Description of the task – Could you write out, exactly as they stand, only the lines in the listing below from the line with "ดำเนินการนำเข้าข้อมูล 1 ชุมชน" to the line with "웨비나를 개설하면 작성한 내용을 바탕으로 해당 웨비나만의 페이지가 개설됩니다.", both ends included, without the pictures?

Dataset excerpts –

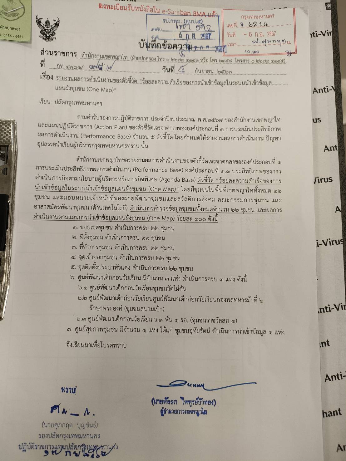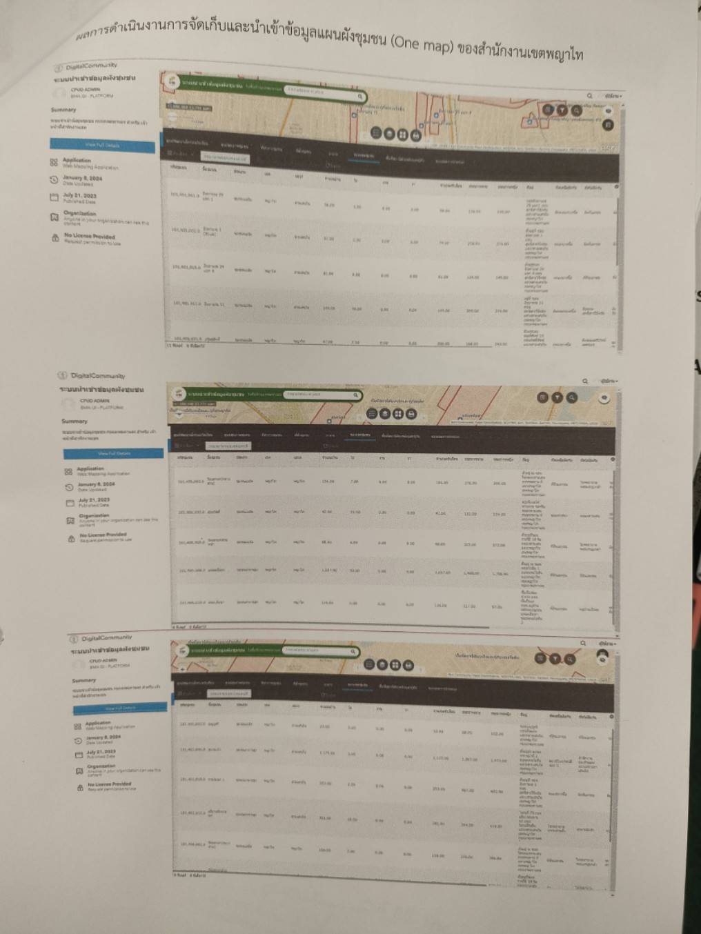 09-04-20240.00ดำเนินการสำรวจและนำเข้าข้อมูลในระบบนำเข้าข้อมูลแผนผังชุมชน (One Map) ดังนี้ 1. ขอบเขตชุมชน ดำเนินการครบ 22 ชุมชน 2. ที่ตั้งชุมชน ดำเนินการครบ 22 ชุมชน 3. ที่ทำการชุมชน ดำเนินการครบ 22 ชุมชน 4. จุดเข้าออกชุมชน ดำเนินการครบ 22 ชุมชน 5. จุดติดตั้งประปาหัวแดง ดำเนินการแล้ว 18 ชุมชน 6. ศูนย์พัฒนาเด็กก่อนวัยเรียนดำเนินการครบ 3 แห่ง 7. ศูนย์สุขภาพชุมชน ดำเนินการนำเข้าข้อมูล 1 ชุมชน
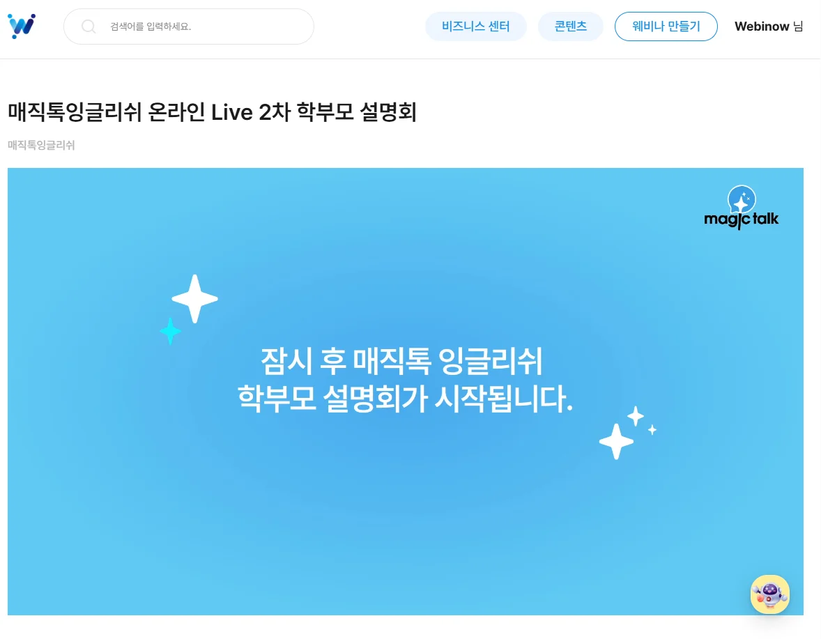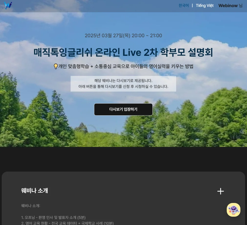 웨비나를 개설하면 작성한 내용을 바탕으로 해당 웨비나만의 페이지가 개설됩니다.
...
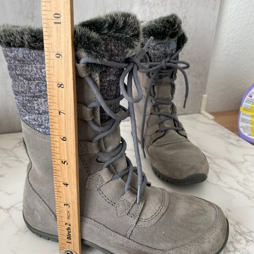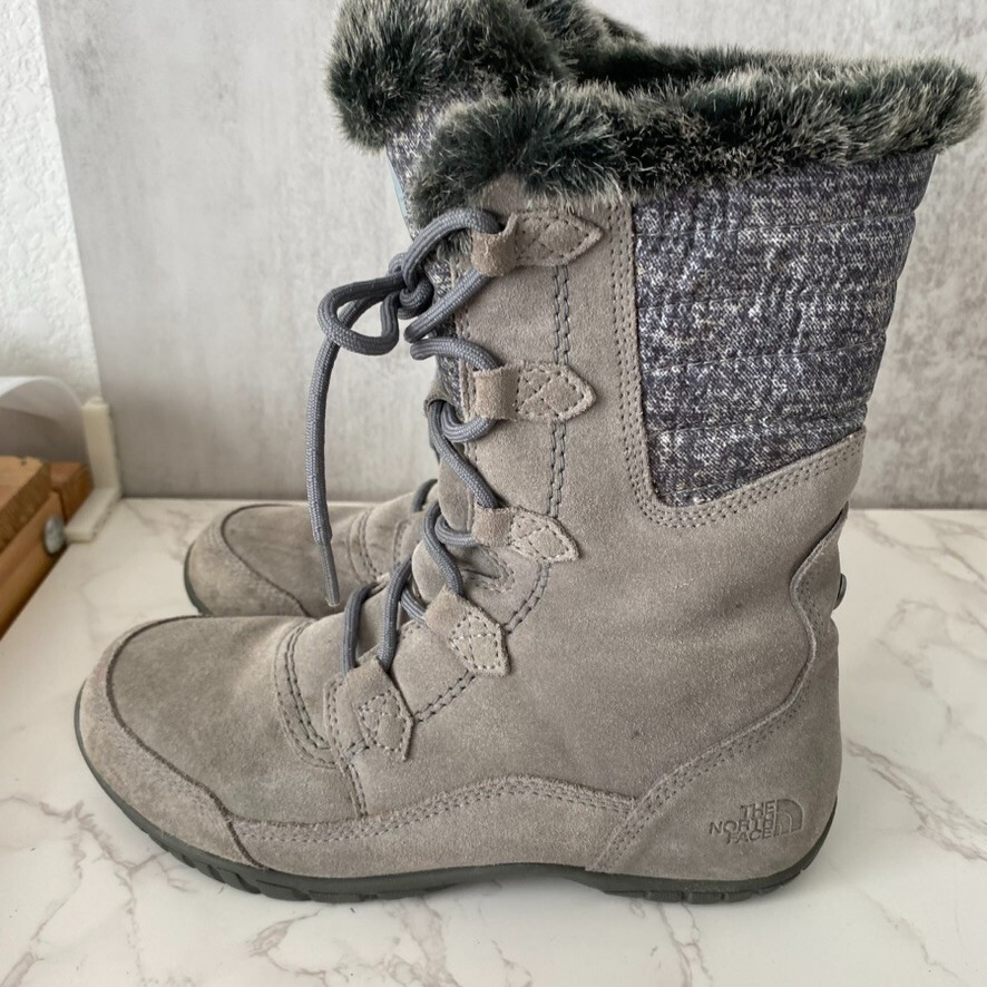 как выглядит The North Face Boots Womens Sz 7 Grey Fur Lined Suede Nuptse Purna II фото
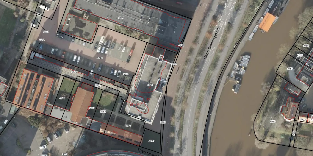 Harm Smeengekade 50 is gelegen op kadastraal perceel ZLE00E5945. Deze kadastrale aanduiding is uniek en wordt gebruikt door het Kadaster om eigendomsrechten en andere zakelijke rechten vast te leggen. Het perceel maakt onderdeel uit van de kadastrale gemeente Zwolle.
==
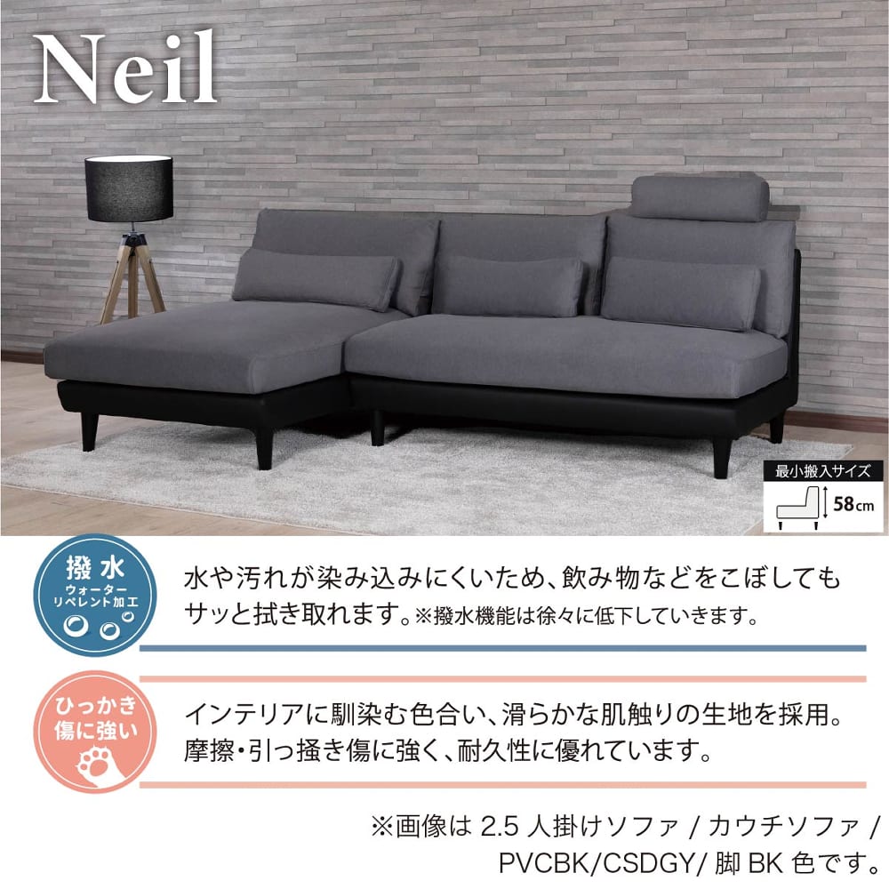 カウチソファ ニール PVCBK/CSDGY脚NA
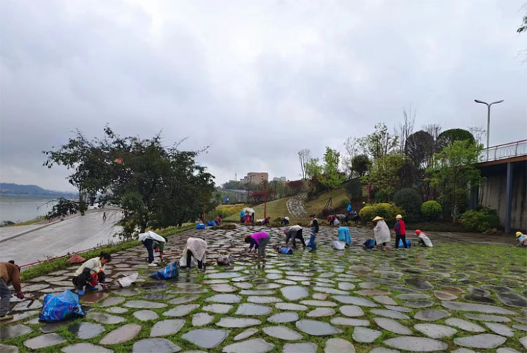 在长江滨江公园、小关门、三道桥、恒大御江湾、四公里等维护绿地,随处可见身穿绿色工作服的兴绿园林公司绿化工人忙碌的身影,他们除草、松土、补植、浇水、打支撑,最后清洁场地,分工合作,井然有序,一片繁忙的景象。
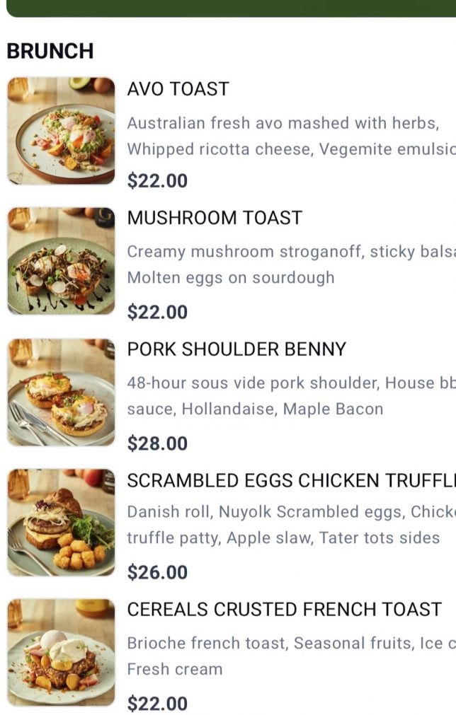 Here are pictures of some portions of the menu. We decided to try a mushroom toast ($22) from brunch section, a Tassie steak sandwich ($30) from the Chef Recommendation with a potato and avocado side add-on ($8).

Exercise result –
 09-04-20240.00ดำเนินการสำรวจและนำเข้าข้อมูลในระบบนำเข้าข้อมูลแผนผังชุมชน (One Map) ดังนี้ 1. ขอบเขตชุมชน ดำเนินการครบ 22 ชุมชน 2. ที่ตั้งชุมชน ดำเนินการครบ 22 ชุมชน 3. ที่ทำการชุมชน ดำเนินการครบ 22 ชุมชน 4. จุดเข้าออกชุมชน ดำเนินการครบ 22 ชุมชน 5. จุดติดตั้งประปาหัวแดง ดำเนินการแล้ว 18 ชุมชน 6. ศูนย์พัฒนาเด็กก่อนวัยเรียนดำเนินการครบ 3 แห่ง 7. ศูนย์สุขภาพชุมชน ดำเนินการนำเข้าข้อมูล 1 ชุมชน
 웨비나를 개설하면 작성한 내용을 바탕으로 해당 웨비나만의 페이지가 개설됩니다.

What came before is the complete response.